"""
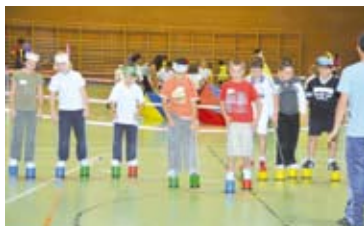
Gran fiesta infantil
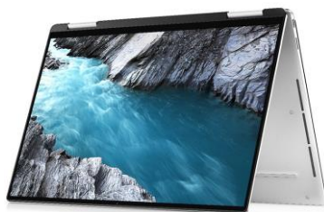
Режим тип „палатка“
"""
"""
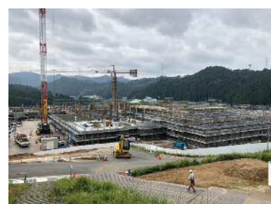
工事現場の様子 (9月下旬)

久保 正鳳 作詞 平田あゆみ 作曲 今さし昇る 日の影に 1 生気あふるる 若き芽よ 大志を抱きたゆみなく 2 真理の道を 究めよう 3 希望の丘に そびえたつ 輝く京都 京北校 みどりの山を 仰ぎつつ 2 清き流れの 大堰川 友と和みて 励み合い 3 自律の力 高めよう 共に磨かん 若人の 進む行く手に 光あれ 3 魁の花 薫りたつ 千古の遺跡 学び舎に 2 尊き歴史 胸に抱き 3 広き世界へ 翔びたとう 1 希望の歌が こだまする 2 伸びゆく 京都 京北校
"""
**Action item:** Of the entries listed above, reproduce only the lines starting at the line containing "工事現場の様子 (9月下旬)" and ending at the line containing "久保 正鳳 作詞 平田あゆみ". Include both, exactly as they stand.

**Problem solution:**
工事現場の様子 (9月下旬)

久保 正鳳 作詞 平田あゆみ 作曲 今さし昇る 日の影に 1 生気あふるる 若き芽よ 大志を抱きたゆみなく 2 真理の道を 究めよう 3 希望の丘に そびえたつ 輝く京都 京北校 みどりの山を 仰ぎつつ 2 清き流れの 大堰川 友と和みて 励み合い 3 自律の力 高めよう 共に磨かん 若人の 進む行く手に 光あれ 3 魁の花 薫りたつ 千古の遺跡 学び舎に 2 尊き歴史 胸に抱き 3 広き世界へ 翔びたとう 1 希望の歌が こだまする 2 伸びゆく 京都 京北校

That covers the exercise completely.